Андрей Десницкий - Письма спящему брату (сборник)
— Hoi! — Саня радостно чмокнул девушку в щеку.
— Привет!
— Hoe gaat het[52]?
— Нормально! — рассмеялась она, — давай говорить по-русски! Я уже знаю, что на вопрос «как дела» надо отвечать «нормально», а не «хорошо». Как ты думаешь, это отражает менталитет русского народа?
— Это отражает, что кто-то задает слишком много умных вопросов, — приобнял ее Саша, — автобус-то где?
— Здесь рядом. Пошли. Через десять минут автобус до Моникендама. Там возьмем катер.
— На абордаж?
— Что?
— На абордаж, говорю, возьмем — как пираты?
— А как надо сказать?
— «Поплывем на катере». Или «сядем на катер».
— Спасибо, Саша. Поплывем на катере…
— … к растакой-то матери, — не удержавшись, срифмовал Саша. — Частушка, фольклор.
— Нет, этого юмора я пока не знаю, — серьезно ответили Маша. — Вот наш автобус. Надо семь полосок стриппенкарт, это далеко.
— Ага, у меня есть. Как раз специально купил длинную.
Они сказали заветное «twee, Monikendam[53]», водитель сверкнул штемпелем, как когда-то пограничник в аэропорту, и голубая с серым стриппенкарта — билет на несколько поездок на общественном транспорте — украсилась двумя фиолетовыми полосками цифири. Свободных мест было полно, сели рядом, причем Саша, по старой привычке, пристроился у окошка (Машка-то все равно не в первый раз, уже давно все это видела). Вскоре автобус тронулся и почти сразу нырнул в чрево огромного туннеля, проходящего под морским заливом с нелепым именем Ij.

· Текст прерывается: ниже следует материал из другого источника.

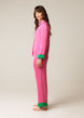 This silk jacquard pyjama pant with an elastic waist and drawstring is made from supple jacquard fabric sourced from Italy. The wide-leg pant features a fun complimentary colour cuff.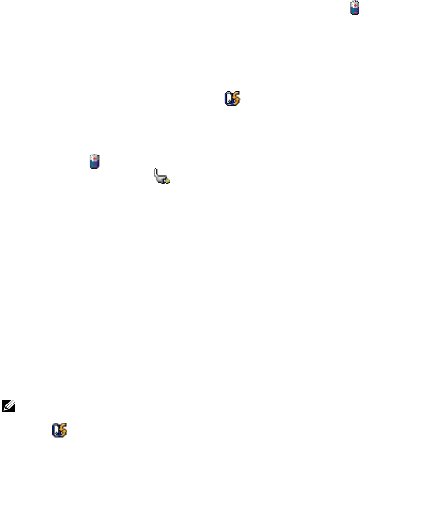 Dell QuickSet 가 설치된 경우 QuickSet 전지 측정기를 표시하려면 <Fn><F3> 을 누르십시오 . 전

— Тут в прошлом году, — рассказала Маша, — трафик остановился. В порт приехало русское судно, у моряков не было денег, они хотели посмотреть город. Они пошли пешком по тоннелю. Сработал alarm system…
— Сигнализация.
— Да, сигнализация. Долго не могли их найти, а потом долго не могли им объяснить, что пешком нельзя.
— А эти дорожки по бокам?
— Только для emergency[54]. Если, например, пожар и людям нужно выйти наружу.
— Да, Машка, вот такие мы, русские. Бедные, но гордые.
— Вы хорошие! Я это давно поняла. Я еще в детстве зачитывалась Толстым. Надо мной даже насмехались другие дети, они читали комиксы про space wars[55]. А я плакала от Наташи Ростовой, правда! А потом, когда я была подросток, я открыла Достоевского. Это был новый мир, представляешь! Только я очень мало понимала. Я тогда думала: как может быть у русских столько имен? Я не знала, сколько в этих книгах героев. Если человек Иван Иваныч, то кто такие Ванечка и Ванюша? Я, например, Карен. И все. А вот теперь я могу называться Мария Яковлевна (моего отца зовут Jар, Яков), Маша, Маруся…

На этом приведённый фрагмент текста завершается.